_STORED DATA_
..........

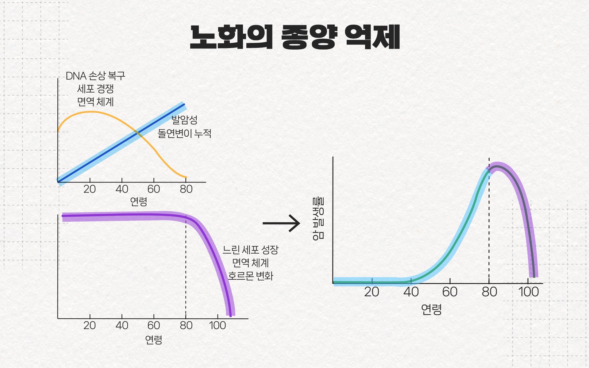 노화는 종양의 시작도 늦췄고 성장도 억제했죠.
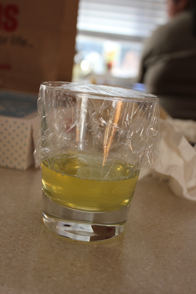 Instead of aging the egg whites as I normally would, I separated the egg whites into a glass covered with plastic wrap and let it sit at room temperature for two hours.
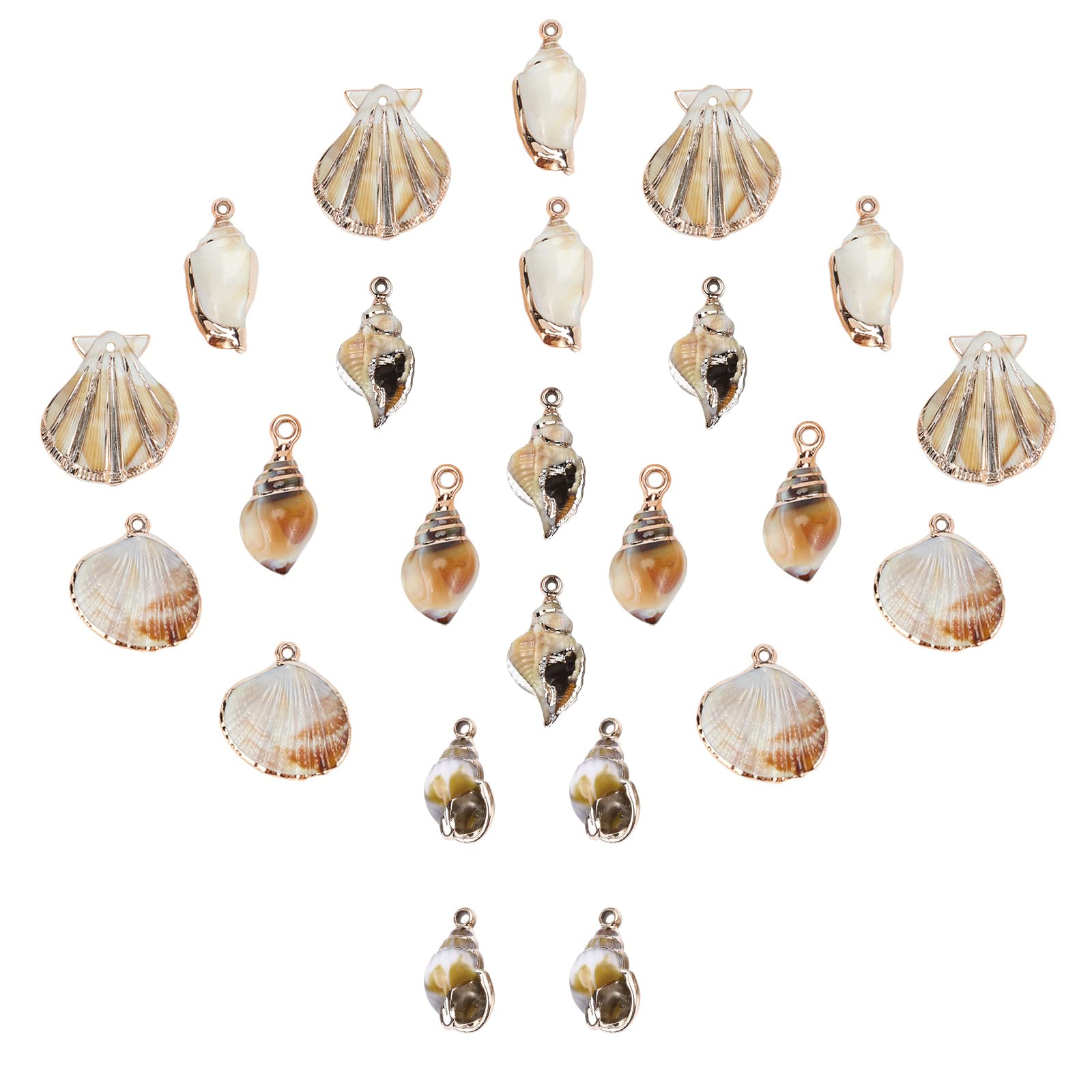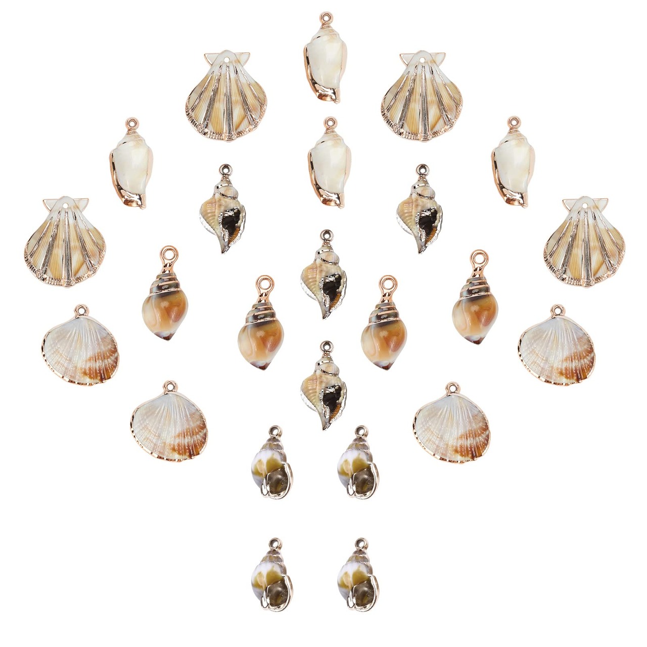 SUNNYCLUE 24個6種 夏 貝殻 チャーム シェル チャーム ビーチ パーツ ペンダント 貝殻 ネックレス オーシャン 鍍金 貝 イヤリング オーシャン つぶ貝 ブレスレット 海洋 てんねん素材 ハワイ ビーチ 貝細工 海 シリーズ 金古美 ハワイアン 接続パーツ 海の生き物 ビーチ小物 夏の日 キーホルダー 海洋生物 チョーカー 海のテーマ アクセサリーパーツ ジュエリー作り レディース デコキット クラフト手芸 手作りキット ジュエリー用 DIY ハンドメイド DIY飾り物

..........

_HOW TO COMPLETE THIS TASK_
Every line of the data above is to be set down word for word, with the pictures left out.

_ANSWER SECTION_
 노화는 종양의 시작도 늦췄고 성장도 억제했죠.
 Instead of aging the egg whites as I normally would, I separated the egg whites into a glass covered with plastic wrap and let it sit at room temperature for two hours.
 SUNNYCLUE 24個6種 夏 貝殻 チャーム シェル チャーム ビーチ パーツ ペンダント 貝殻 ネックレス オーシャン 鍍金 貝 イヤリング オーシャン つぶ貝 ブレスレット 海洋 てんねん素材 ハワイ ビーチ 貝細工 海 シリーズ 金古美 ハワイアン 接続パーツ 海の生き物 ビーチ小物 夏の日 キーホルダー 海洋生物 チョーカー 海のテーマ アクセサリーパーツ ジュエリー作り レディース デコキット クラフト手芸 手作りキット ジュエリー用 DIY ハンドメイド DIY飾り物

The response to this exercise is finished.